A smart contract is a self-executing program that automates the actions required in an agreement or contract. Once completed, the transactions are trackable and irreversible. The best way to envision a smart contract is to think of a vending machine—when you insert the correct amount of money and push an item's button, the program (the smart contract) activates the machine to dispense your chosen item.Smart contracts permit trusted transactions and agreements to be carried out among disparate, anonymous parties without the need for a central authority, legal system, or external enforcement mechanism.
While blockchain http://minxie.io technology has come to be thought of primarily as the foundation for Bitcoin, it has evolved far beyond underpinning a virtual currency.
Smart contracts were first proposed in 1994 by Nick Szabo, an American computer scientist who conceptualized a virtual currency called "Bit Gold" in 1998, 10 years before Bitcoin was introduced. Szabo is often rumored to be the real Satoshi Nakamoto, the anonymous Bitcoin inventor, which he has denied.
Szabo defined smart contracts as computerized transaction protocols that execute the terms of a contract.2 He wanted to extend the functionality of electronic transaction methods, such as POS (points of sale), to the digital realm. In his paper, Szabo also proposed the execution of a contract for synthetic assets, such as combining derivatives and bonds. Szabo wrote, "These new securities are formed by combining securities (such as bonds) and derivatives (options and futures) in a wide variety of ways. Very complex term structures for payments...can now be built into standardized contracts and traded with low transaction costs, due to computerized analysis of these complex term structures.
"Smart contracts do not contain the legal language or even the terms of a contract between two parties. They are scripts that contain if/when/then statements, functions, module imports, and other programming that automate the actions between two parties.Many of Szabo's predictions in the paper came true in ways preceding blockchain technology. For example, derivatives trading is now mostly conducted through computer networks using complex term structures.
Because smart contracts execute agreements, they can be used for many different purposes. One of the simplest uses is ensuring transactions between two parties occur, such as the purchase and delivery of goods. For example, a manufacturer needing raw materials can set up payments using smart contracts, and the supplier can set up shipments. Then, depending on the agreement between the two businesses, the funds could be transferred automatically to the supplier upon shipment or delivery.

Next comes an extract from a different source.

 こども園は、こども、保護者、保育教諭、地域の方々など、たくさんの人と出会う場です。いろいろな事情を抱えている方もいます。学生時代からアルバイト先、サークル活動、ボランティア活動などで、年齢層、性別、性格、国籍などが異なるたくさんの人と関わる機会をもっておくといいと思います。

Real estate transactions, stock and commodity trading, lending, corporate governance, supply chain, dispute resolution, and healthcare are only a few examples where smart contracts can be used.
The primary benefit of smart contracts is similar to the benefit of blockchain technology—they remove the need for third parties. Other benefits of this technology are:
Some of the downfalls of smart contracts are:
The simplest example of a smart contract is a transaction between a consumer and a business, where a sale is made. The smart contract executes the customer's payment and the business's shipment or transfer of ownership.

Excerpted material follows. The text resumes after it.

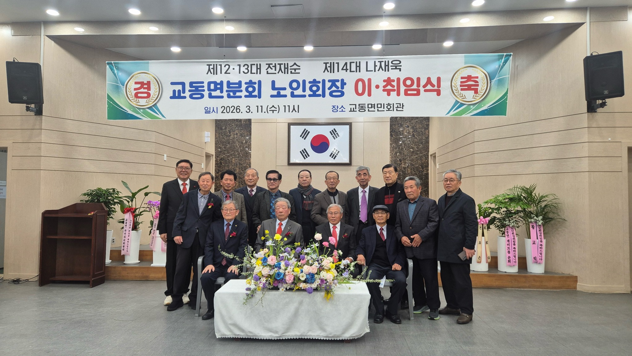 장기천 지회장은 축사를 통해 “그동안 수고해 주신 제13대 전재순 회장의 노고에 감사드리고 제14대 나재욱 회장의 취임을 축하드린다”며, “앞으로 더욱 발전하는 교동면 노인회가 되기를 바란다”고 말했다.
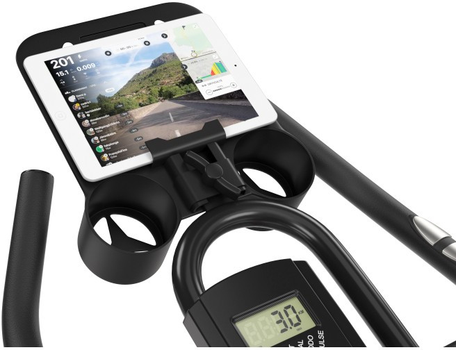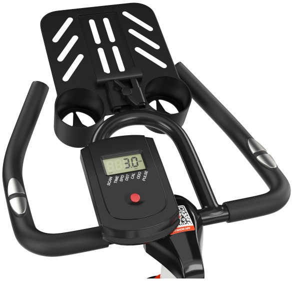 - Спин-байк оснащен консолью с LCD-дисплеем, который отображает показатели времени, дистанции, пульса, калорий и скорости. Таким образом, пользователям будет легко получить максимум эффективности от тренировки. Также поддерживается функция синхронизации тренажера с приложением FitShow: широкий выбор программ и статистика результатов тренировок. В комплекте специальная подставка под планшет или смартфон и пару держателей под бутылочку с водой.

Ethereum has smart contract capabilities inherent to its blockchain. The Bitcoin blockchain received smart contract abilities after its Taproot upgrade, which allowed it to communicate to layers that have smart contracts enabled on their blockchains.

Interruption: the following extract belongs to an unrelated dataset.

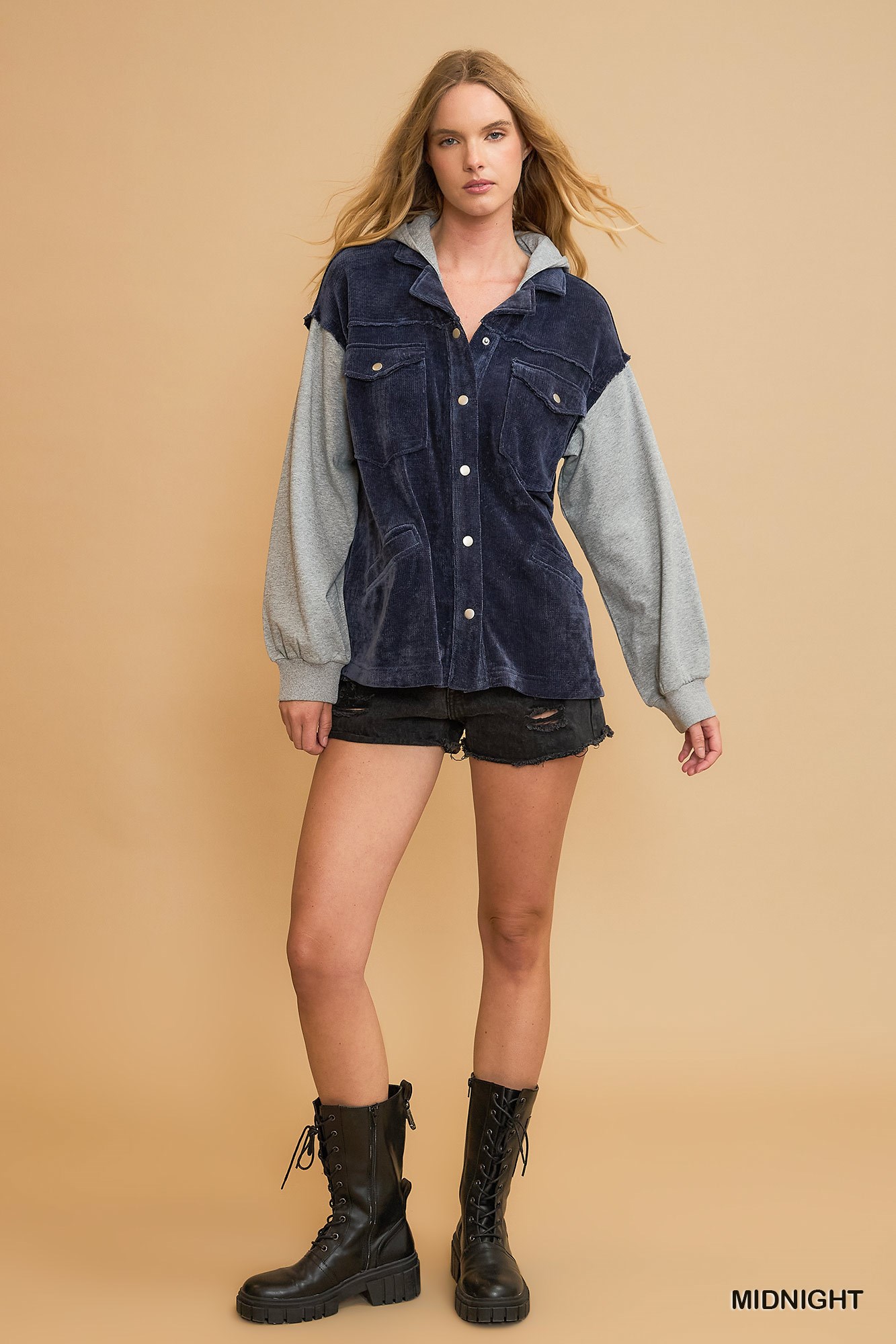 Umgee Contrast Hooded Chenille Jacket

Smart contracts are apps on a blockchain that make each side of a transaction complete its part. For example, a smart contract could initiate a fund transfer with a third party when the transferor signed an agreement.
Smart contracts are code written into a blockchain that executes the actions two parties agree to outside the chain. By automating these actions, the need for an intermediary or trust between the parties is removed.